When the Jan. 6 committee wrapped its most recent hearing on Thursday, it was to have been the last time the panel gathered for the month. That changed on Monday afternoon, when the committee announced that — surprise! — there would be a hearing this week after all.
As of Monday evening, there was an air of mystery around the snap hearing. The committee’s members and staffers were tight-lipped about who would be appearing. Its statement announcing the hearing only promised to “present recently obtained evidence and receive witness testimony.”
The House Jan. 6 committee is holding its sixth public hearing on Tuesday, June 28 at 1 p.m. ET. Get expert analysis in real-time on our liveblog at msnbc.com/jan6hearings.

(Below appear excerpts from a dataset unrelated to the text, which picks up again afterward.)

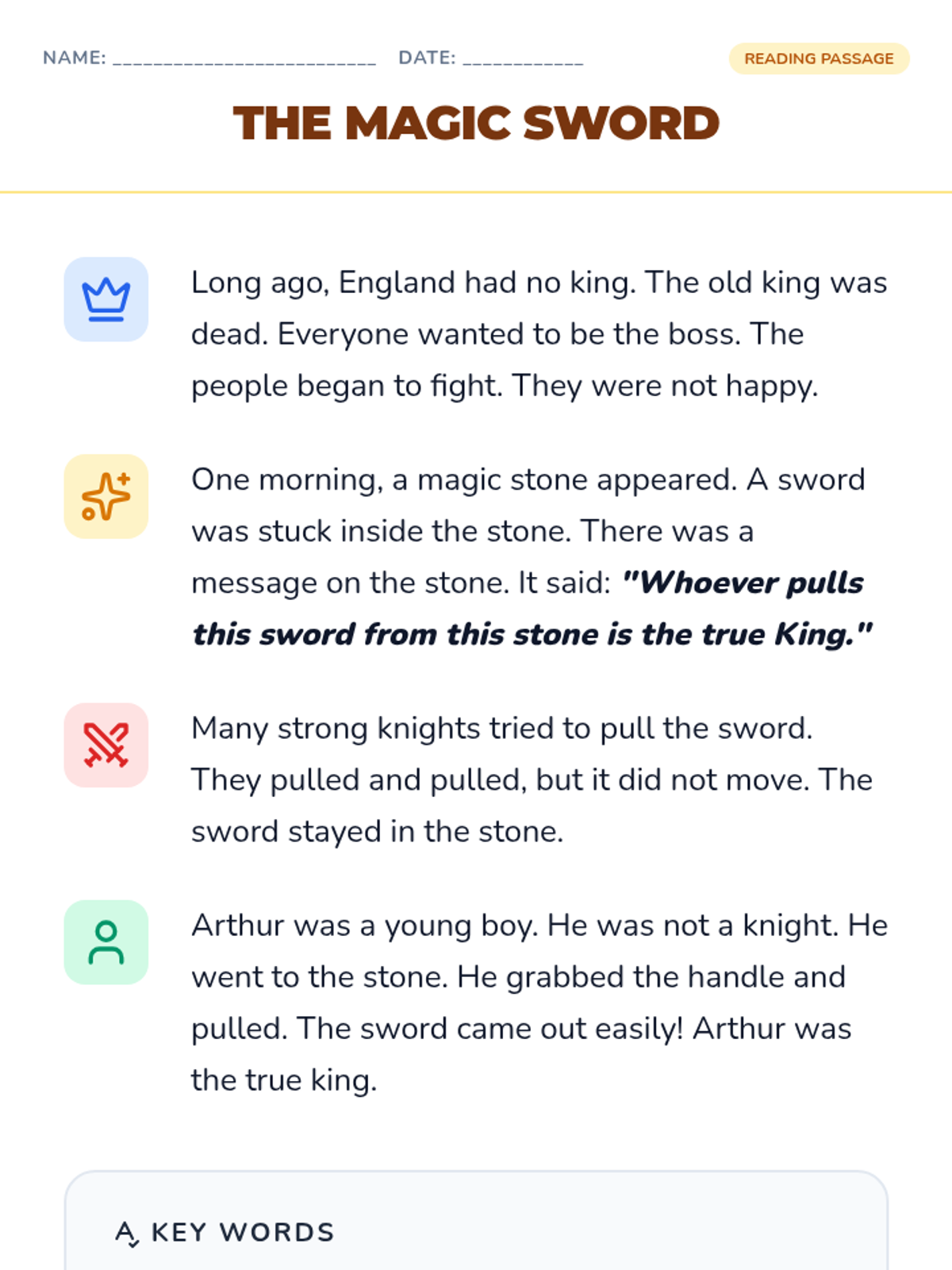 An introduction to the legend of King Arthur and the Sword in the Stone, focusing on story elements and key vocabulary through simplified text.
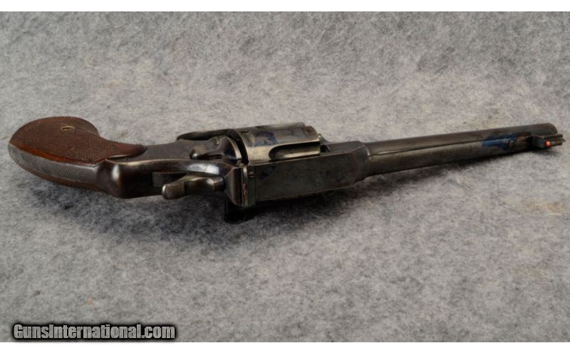 Description: This is a Colt Officer's model revolver in .38 Smith & Wesson Special. Barrel is 6 inches. Sights are an adjustable rear sight with paint around the edges, and fixed front sight with red paint on the bead. Metal is in good condition with discoloration on top front of barrel, bluing loss along bore of barrel, bluing loss and pitting on either side of receiver. Grips are made of wood. Comes with 2 speedloaders and speedloader pouch. Revolver is used but in overall good condition. SOLD Manufacturer: 1909. Caliber Info: .38 Smith & Wesson Special. Chambers: 6-shot revolver for single and double action. Metal Condition: Good with discoloration on top front of barrel, bluing loss at bore, bluing loss and pitting on either side of receiver. Wood Condition: Grips are in good condition. Bore Condition: Very good with strong rifling. Barrels: 6 inches. Triggers: Blued single and double action. Stock: Wooden grips. Weight: 32 ounces. Sights: Adjustable rear sight with red paint around edge, fixed front sight with red paint on bead. Extras: Comes with 2 speedloaders and speedloader pouch. Item Location: Tualatin, OR |
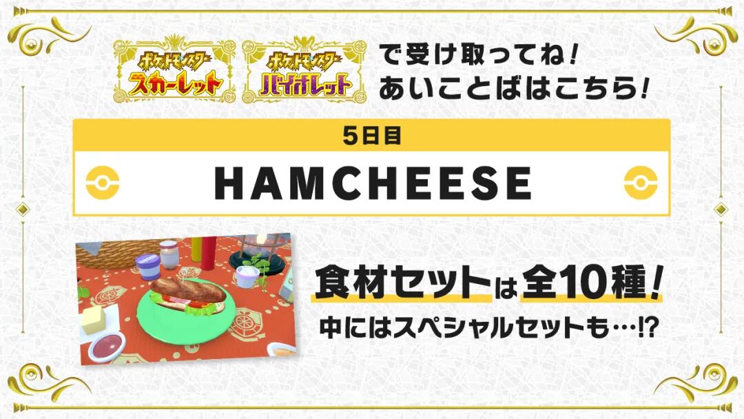 官方发布《宝可梦 朱/紫》第五天食材神秘礼物兑换码【HAMCHEESE】,内容为“食材套装10种(随机)”。
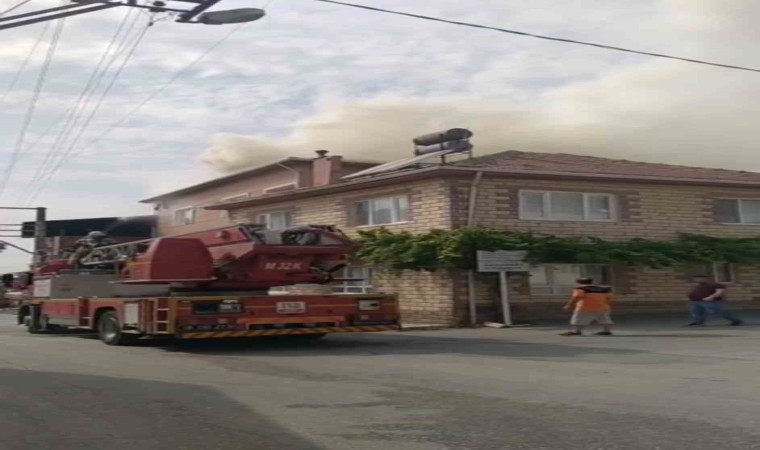 Bursa’da iki katlı bir binanın teras kısmı alevlere teslim oldu. İtfaiye ekiplerinin müdahalesiyle kontrol altına alınan yangın kameralara yansıdı.

“There is new evidence that is coming to [the committee’s] attention on an almost daily basis," a source familiar with the hearing told NBC News. The planned final two hearings weren’t supposed to take place until July, the source added. "You can deduce from that that there will be a lot of significance to the hearing.”
Well, then! That’s a pretty bold claim to make in what definitely feels like a high-risk/high-reward situation for the committee. On one hand, the committee’s planned pause had threatened to sap some of the momentum gained in the weeks of hearings so far. Over the course of its five roughly two-hour segments, the committee has been putting on a prestige television show — one that plays with a nonlinear timeline. If the chaos of the Jan. 6 assault on the U.S. Capitol was the opening sequence of the show’s pilot, each subsequent episode has focused on unfolding the layers that contributed to the attack.
It’s made for a rich drama so far. But unfortunately it doesn't take long for the news cycle to move on, even before the committee has been able to present its metaphorical season finale. There’s also the risk of losing control of the tightly crafted narrative that the panel has labored to produce. The cascade of news about the investigation’s details over the preceding months had already threatened to make the hearings themselves seem redundant.
That thankfully hasn’t been the case, and Tuesday’s surprise hearing offers a potential jolt of intensity to draw even more attention to the committee’s work. On the other hand, though, the secrecy surrounding the unanticipated hearing threatened to allow the public’s imagination to fill in the gaps. Among the names tossed around as potential witnesses were those of former White House counsel Pat Cippolone, whom the committee has been calling on to testify under oath, and Alex Holder, who recently turned over to the committee footage from a documentary he was filming during and after the attack.
Punchbowl News reported on Monday evening that the new testimony actually would come from Cassidy Hutchinson, who served as a senior aide to former White House chief of staff Mark Meadows. Hutchinson was seen during a previous hearing testifying that Republican members of Congress had sought pardons for their efforts to reverse Joe Biden's win in 2020. Hers wasn't a name that many people were predicting, so to meet the expectations of viewers hoping to see Ginni Thomas testify about her behind-the-scenes work, for example, but instead wind up watching a formerly unknown aide, the revelations she has would hopefully be pretty major.
I do have faith so far that the committee isn’t overplaying its hand. This isn’t the first time it has shifted its schedule since it began its public hearings this month; last week’s hearing was originally scheduled to take place on June 15, but the committee’s aides needed more time to properly construct their presentation, necessitating a somewhat abrupt delay. It seems the pause was worth the wait, as the committee crisply laid out former President Donald Trump’s attempted weaponization of the Justice Department to flip the results of the 2020 election.
I can honestly say that even if I weren’t going to be liveblogging the entire event, I’d definitely be tuning in to find out just what the panel has in store for us on Tuesday. We already know so much about Trump’s role in laying the groundwork for Jan. 6 that the promise of something new and noteworthy is too intriguing to pass up — and I'm sure the committee hopes that I'm not alone there.